1 minute read
Targets, metrics and performance
Pillars of carbon management and climate change
Given our scenarios and strategy, our actions related to carbon management and climate change are based on three pillars:
1. Carbon quantification and transparency
2.
Resilience of our position in fossil facing the low-carbon transition
3. Strengthening our skills to create value in a low-carbon economy
Carbon quantification and transparency
Our decisions today affect carbon performance and value generation in the short, medium, and long term. We strive to ensure that the risks and opportunities of climate change are adequately captured in our scenarios, quantified, and considered in our choices. Our goal is to promote sustainability and resilience in our business, which entails ongoing efforts to improve continuously our decision-making processes. We embrace carbon transparency and highlight our support for the TCFD (Task Force on Climate-related Financial Disclosures) and the adoption of external references of disclosure and performance like the Sustainability Accounting Standards Board (SASB), IPIECA, Global Reporting Initiative (GRI) and International Association of Oil & Gas Producers (IOGP).
Resilience of our position in fossil facing the low-carbon transition
The Oil and Gas industry supplies more than half of the primary energy consumed worldwide, meeting the needs of mobility, industrial production, residential cooking and heating, and electricity generation. Our scenarios indicate that oil and gas will remain in the world’s energy matrix over the next few decades, albeit in decreasing volumes. In 2021, the sector’s share exceeded 55% of the total supply of primary energy (bp Statistical Review of World Energy, 2022), and products meet this demand with widely varying carbon performance.

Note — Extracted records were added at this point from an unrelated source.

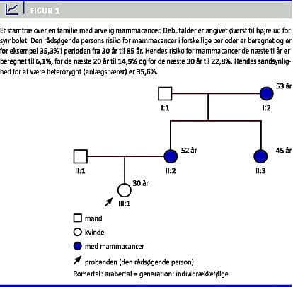 Det er ikke altid muligt at identificere den sygdomsdisponerende mutation i en familie, selv om stamtræet er foreneligt med monogen arvegang. Det udelukker ikke forekomst af et arveligt cancersyndrom, idet langtfra alle cancerdisponerende gener er identificeret. En dansk undersøgelse har vist, at det kun er muligt at finde en BRCA1/2 -mutation hos 28% af de familier, hvor stamtræet tyder på arvelig mammacancer [7] (Figur 1 ). Når der påvises en sygdomsdisponerende mutation i en familie, vil alle slægtninge kunne tilbyd es prædiktiv (præsymptomatisk) gentest for denne mutation. Herved vil ca. 50% af de nære slægtninge blive frikendt for familiens mutation og den forhøjede cancerrisiko.
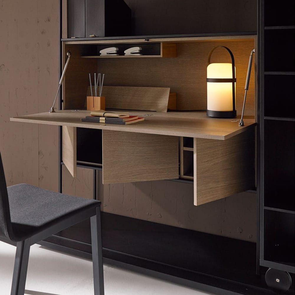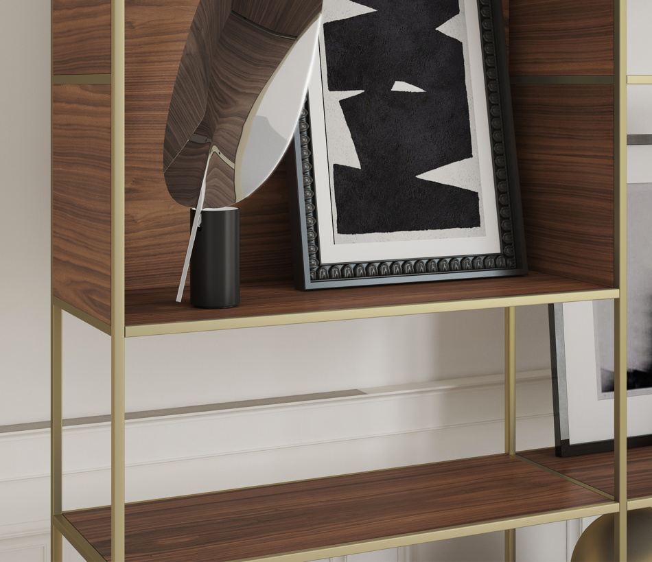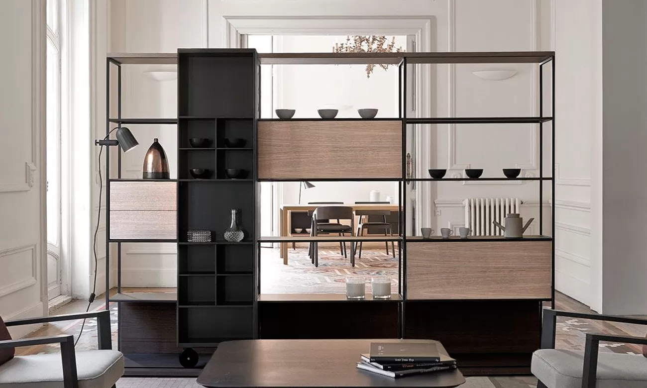 Dans sa version OPEN, imaginée en 2014, les volumes deviennent transparents et plus légers, capables de contenir des objets, de servir de cloisons et de structurer l’espace avec raffinement.
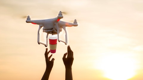 Suddenly, a drone drops from the sky, offering a strong cuppa joe … just for you. You happily take it from the air, your card is charged, and you’re now much more jovial as your day proceeds.

Our priority is to operate at low costs and with superior emissions performance, safeguarding the competitiveness of our oil in world markets in a scenario of slowdown and subsequent contraction in demand. In our understanding, companies will become more competitive in the long-term market the more they can produce at low costs and with lower greenhouse gas (GHG) emissions, thriving in scenarios of low oil prices, carbon pricing, and possible oil differentiation practices based on the GHG emissions intensity in production.

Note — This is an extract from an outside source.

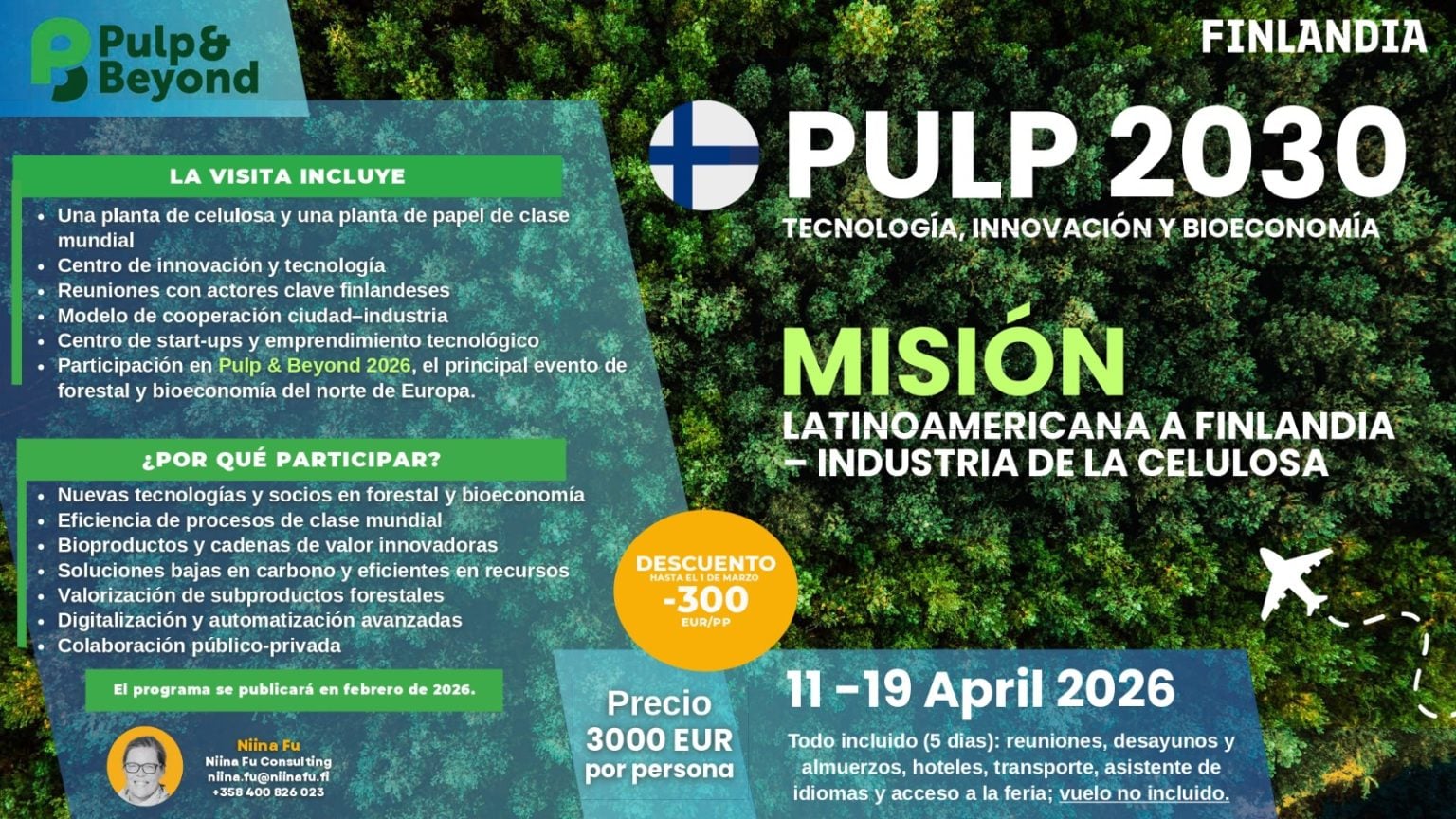 Del 12 al 18 de abril de 2026, Finlandia volverá a posicionarse como el epicentro global de la industria forestal con la realización de Pulp & Beyond 2026, el encuentro más influyente del norte de Europa para el sector. Se organizan dos delegaciones latinoamericanas coordinadas por la consultora internacional Niina Fu, con un programa estratégico para acceder a conferencias, visitas técnicas, generar contactos de negocios y acceder al conocimiento directo de las nuevas innovaciones en la industria.

Strengthening our skills to create value in a lowcarbon economy
We recognize that the goals of the Paris Agreement require profound reductions in greenhouse gas emissions and the transformation of the energy supply. Our scenarios point to an unequivocal energy transition, albeit at an uncertain pace. The risks and opportunities are different and depend on the markets, each company’s characteristics, innovation evolution, and public policies.
To strengthen our low-carbon position, we prioritize investment in decarbonizing our operations, developing products with lower carbon intensity and skills for the future. We are advancing in the analysis of possible new businesses that can diversify revenues and reduce exposure to carbon, ensuring the company’s sustainability in the long term.